如果每一个员工的最大项目个数是固定的,那么 Oracle 用户就可以利用窗口函数 LEAD OVER
来避免使用自连接查询。在某些特定情况下使用自连接查询可能显得代价过于沉重(如果自连接耗费的机器资源远大于 LEAD OVER
),这个时候 LEAD OVER
函数就不失为一种简便的方法。例如,考虑下面针对员工 KING 的 LEAD OVER
替代方案。
select empno,
ename,
proj_id,
proj_start,
proj_end,
case
when lead(proj_start,1)over(order by proj_start)
between proj_start and proj_end
then lead(proj_id)over(order by proj_start)
when lead(proj_start,2)over(order by proj_start)
between proj_start and proj_end
then lead(proj_id)over(order by proj_start)
when lead(proj_start,3)over(order by proj_start)
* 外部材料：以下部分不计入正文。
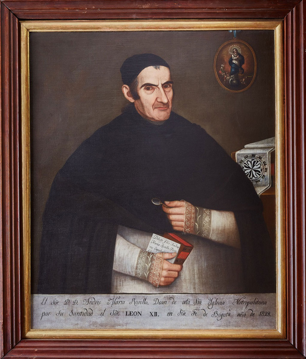 Andrés Rosillo y Meruelo (Villa del Socorro, 1758; Bogotá, 1835) vistió la beca del Colegio del Rosario, en 1773. Estudió Filosofía y Teología, cuyas cátedras ocupó luego. De 1787 a 1789 fue vicerrector interino y luego rector, en el periodo 1802-5. Su carrera eclesiástica inició en 1782, ordenado por el arzobispo Antonio Caballero y Góngora, en Tunja. En 1789, fue nombrado cura párroco de Simacota y luego, en 1799, obtuvo la canonjía magistral de la Catedral Metropolitana de Santafé. En la política, se vinculó al movimiento independentista desde 1809. Desterrado por Morillo a España, en 1816, volvió años después al país para seguir su carrera eclesiástica.
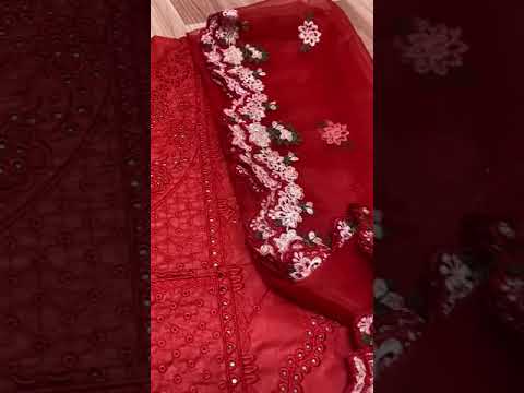 FULLY HEAVY EMBROIDERED DUPATTA WITH 4IDES EMBROIDERED CUTWORK BORDER ATTACHED READY TO WEAR
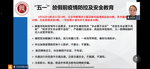 值此“五一”劳动节放假前夕,以疫情防控“大思政课”为契机,班主任和辅导员老师还为员工进行了“五一”放假前疫情防控及安全教育。老师们提醒员工在“五一”假期中应继续坚持“非必要不出京”“在校生非必要不离校”“校外员工非必要不返校”,严格履行出返京、离返校审批程序;继续坚持每日健康打卡;外出加强疫情防控和个人防护,不聚会、不聚集;交通出行自觉遵守交通法规,注意交通安全,不超速、不酒驾;注意防火、防盗、防意外伤害及防电信网络诈骗;规范网络发言,自觉做到不信谣、不传谣。
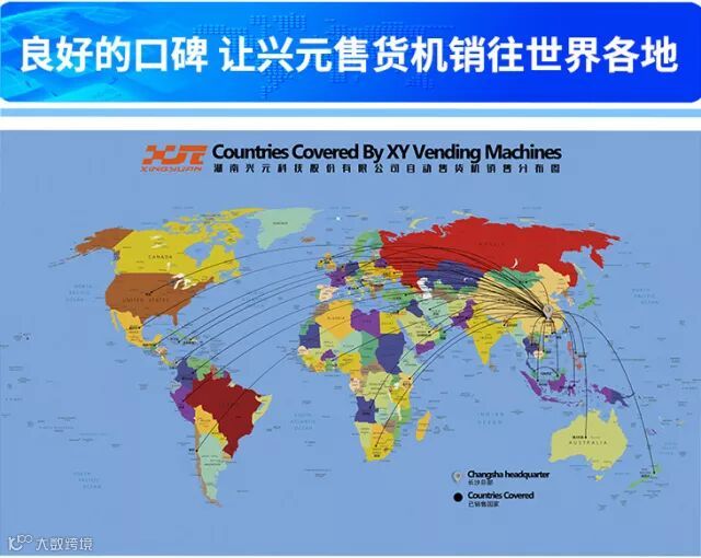湖南兴元科技股份有限公司的营销及服务网络覆盖全球,兴元全系列自动售货机产品已成功走向了全球40个国家和国内20余个省市,其创新性设计、精良的品质和优越的性能,赢得广大客户的信任与尊重。
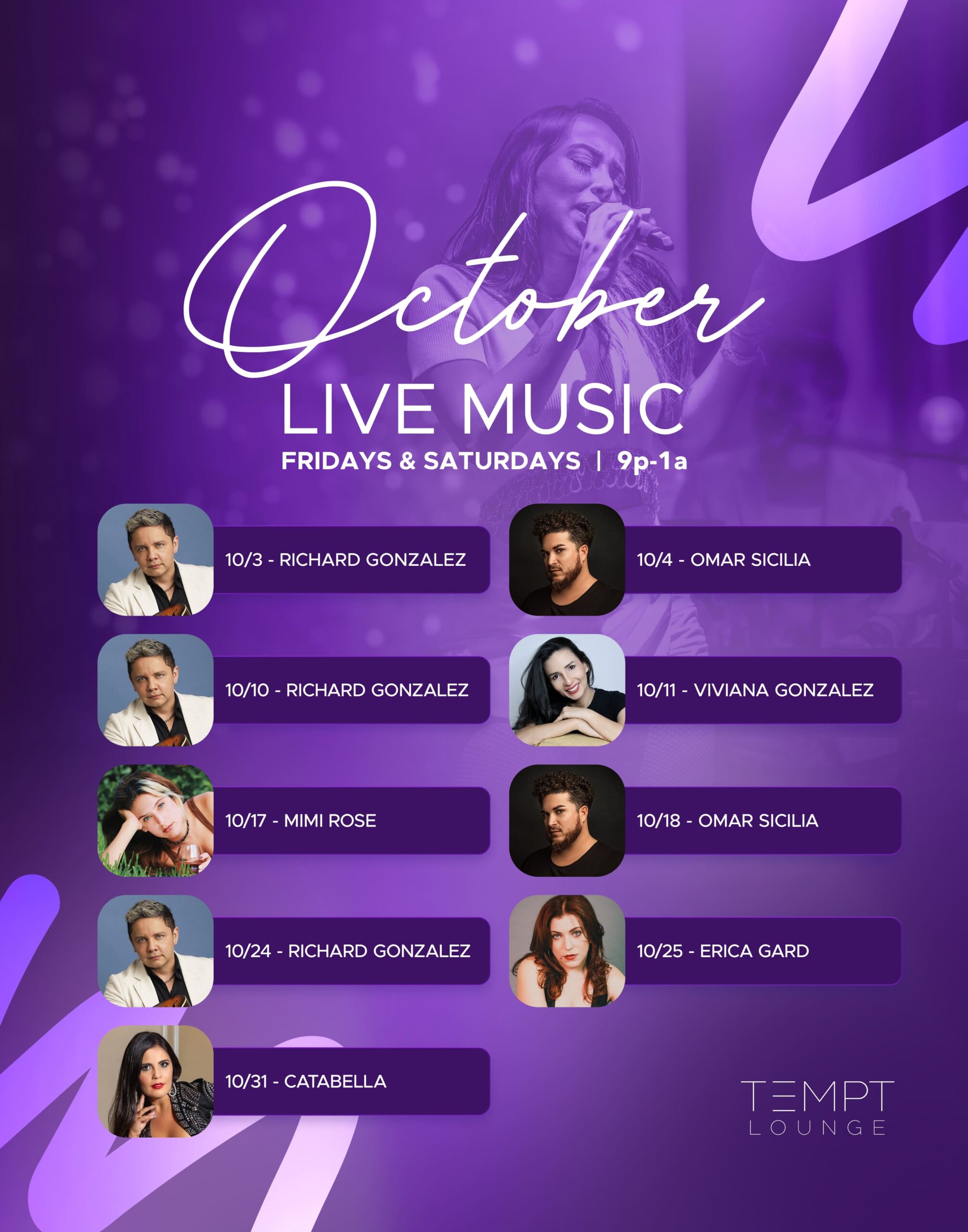 Enjoy live music every Friday and Saturday at 9p, showcasing Miami’s best salsa, pop, and jazz performers.
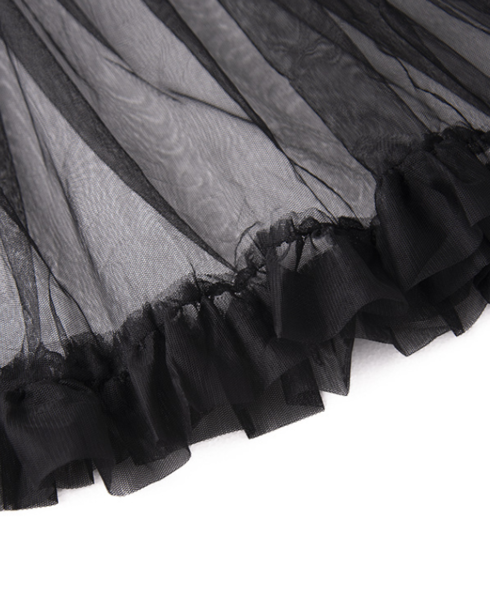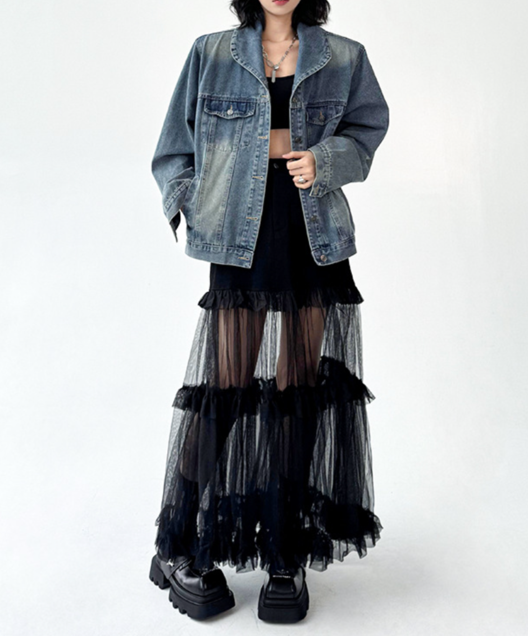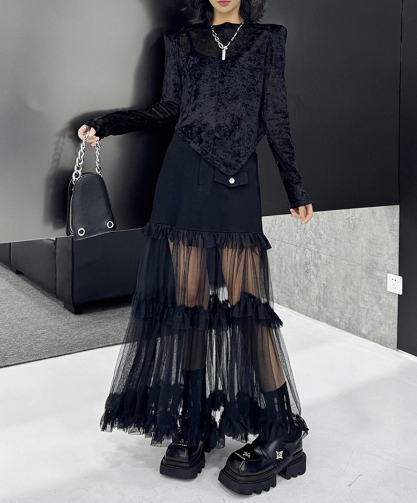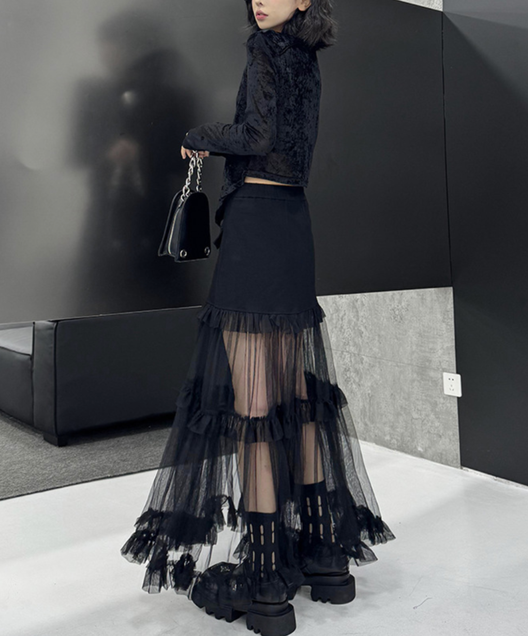 ・チュール素材を使用し、シアー感を楽しめるロングスカート。
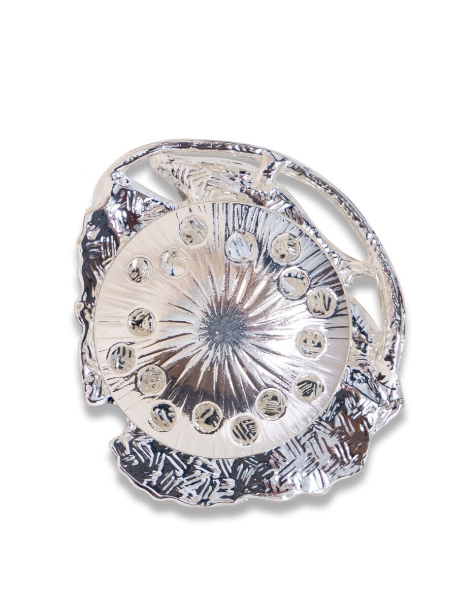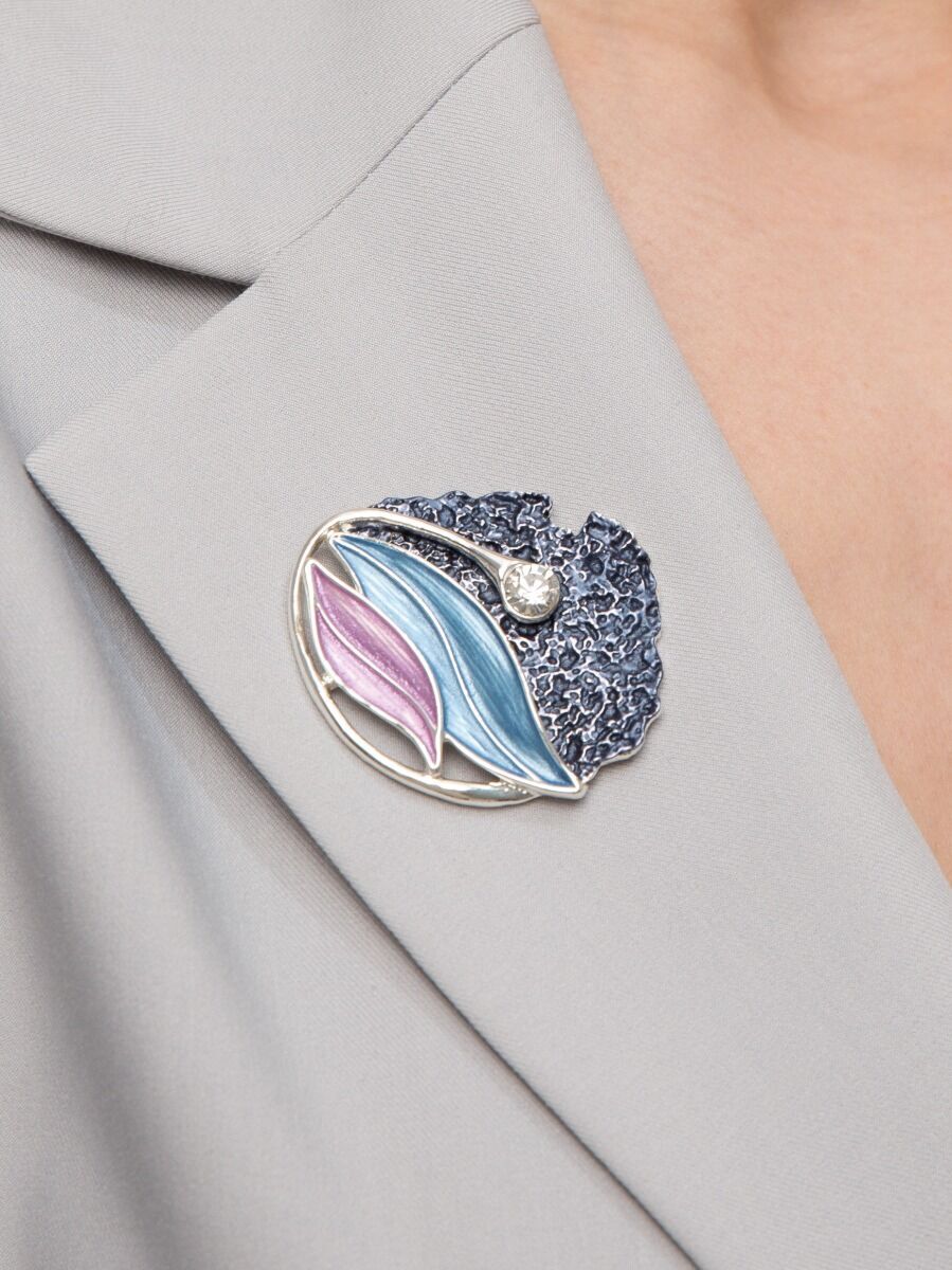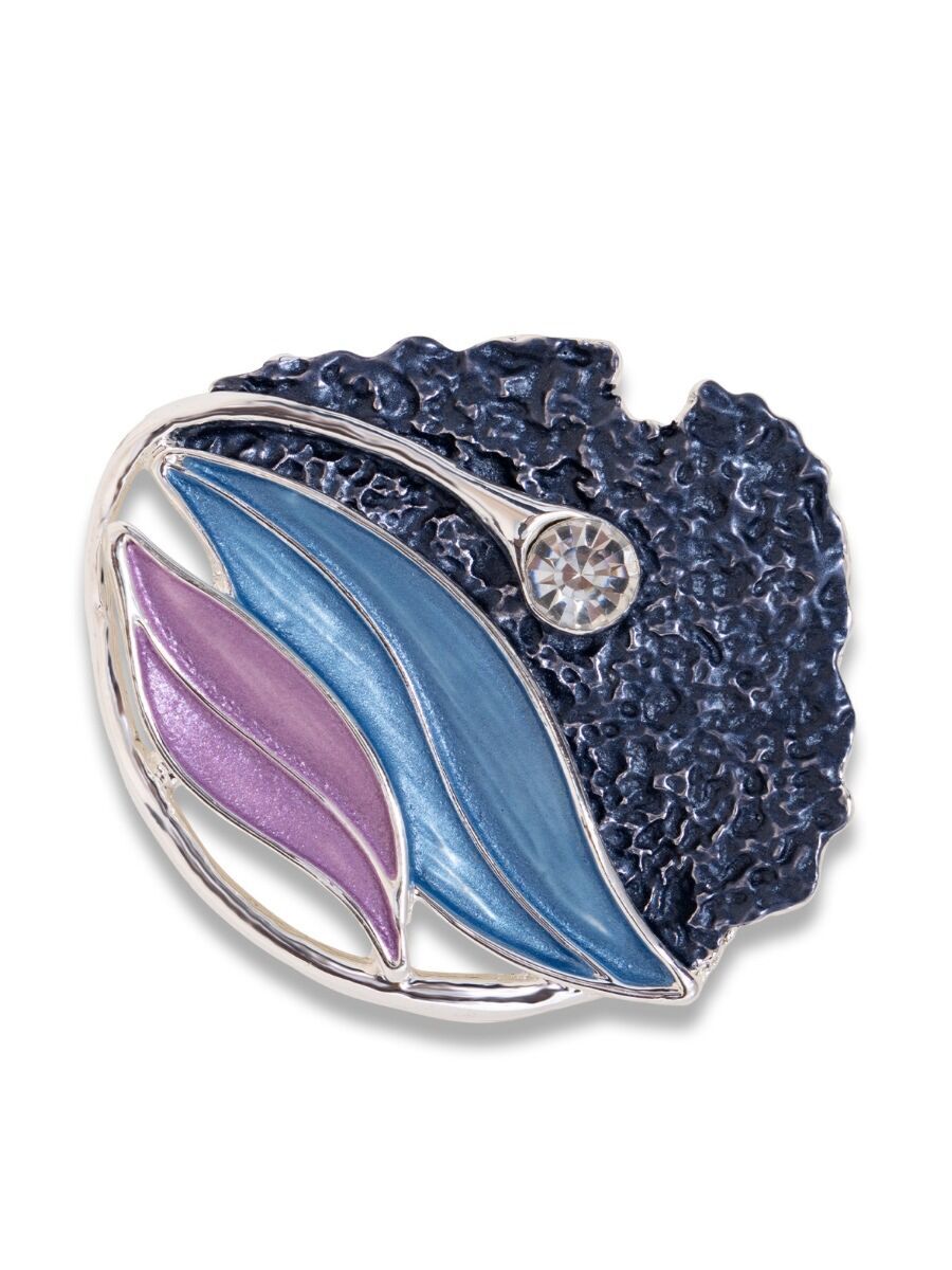 Изысканная брошь из серебристого металла покрыта эмалью различных оттенков синего, лилового и голубого, декорирована оригинальными вставками. В культурах многих народов оттенки синего символизируют покой и вечность. Застежка - магнит. Броши на магнитах завоевали любовь и пользуются спросом на протяжении многих сезонов, они не оставляют проколов и зацепок, магнитная застежка хорошо крепится на верхней одежде и лацканах пиджаков. Этот аксессуар всегда поможет оживить офисный или простой монохромный образ, идеально подойдет как к вечернему наряду, так и к заданному дресс-кодом официальному костюму.
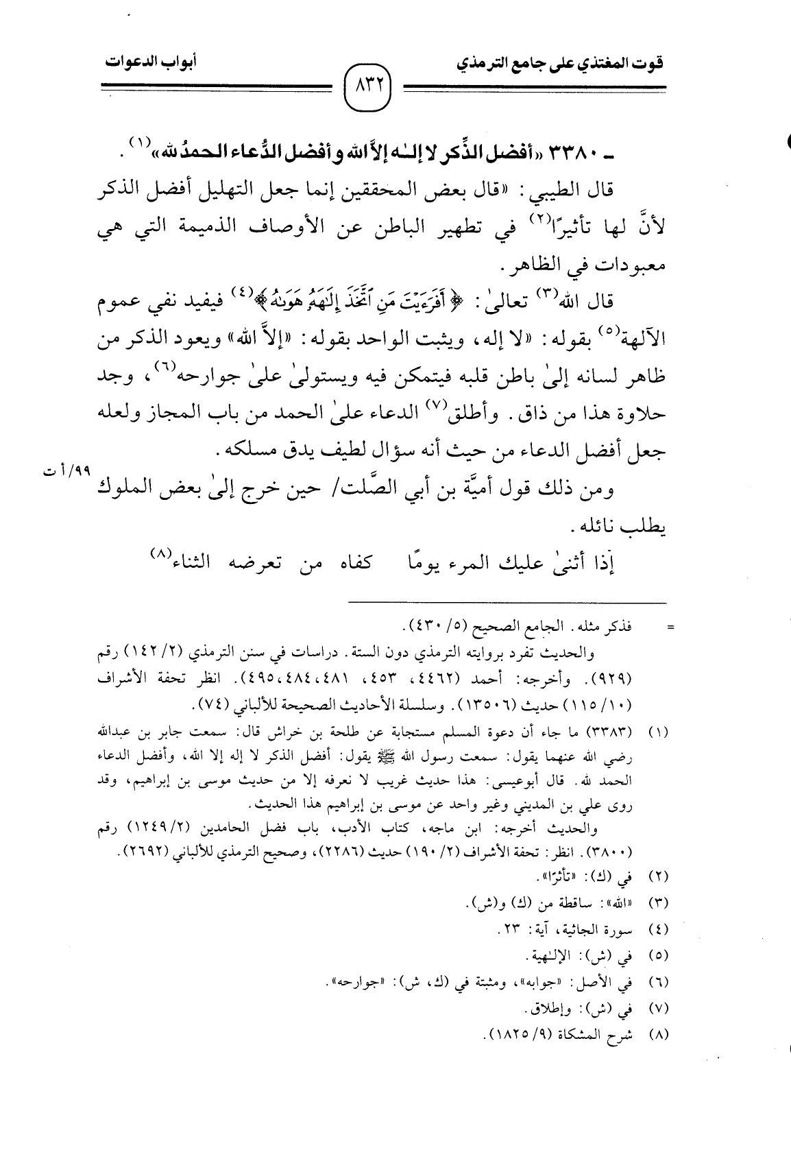 - 3380 "أفضل الذِّكر لا إله إلاَّ الله وأفضل الدُّعاء الحمد لله".

between proj_start and proj_end
then lead(proj_id)over(order by proj_start)
when lead(proj_start,4)over(order by proj_start)
between proj_start and proj_end
then lead(proj_id)over(order by proj_start)
end is_overlap
from emp_project
where ename = 'KING'
EMPNO ENAME PROJ_ID PROJ_START PROJ_END IS_OVERLAP
----- ------ ------- ----------- ----------- ----------
7839 KING 2 17-JUN-2005 21-JUN-2005 5
7839 KING 5 20-JUN-2005 24-JUN-2005 8
7839 KING 8 23-JUN-2005 25-JUN-2005
7839 KING 11 26-JUN-2005 27-JUN-2005
7839 KING 14 29-JUN-2005 30-JUN-2005
对于员工 KING,因为项目个数被限定为 5 个,我们就能使用 LEAD OVER
函数逐一检查全部项目的日期值,而无须自连接查询。现在,离最终的结果集只有一步之遥了。接下来只要把 IS_OVERLAP
不是 Null
的行筛选出来即可。
select empno,ename,
'project '||is_overlap||
' overlaps project '||proj_id msg
from (
select empno,
ename,
proj_id,
proj_start,
proj_end,
case
when lead(proj_start,1)over(order by proj_start)
between proj_start and proj_end
then lead(proj_id)over(order by proj_start)
when lead(proj_start,2)over(order by proj_start)
between proj_start and proj_end
then lead(proj_id)over(order by proj_start)
when lead(proj_start,3)over(order by proj_start)
between proj_start and proj_end
then lead(proj_id)over(order by proj_start)
when lead(proj_start,4)over(order by proj_start)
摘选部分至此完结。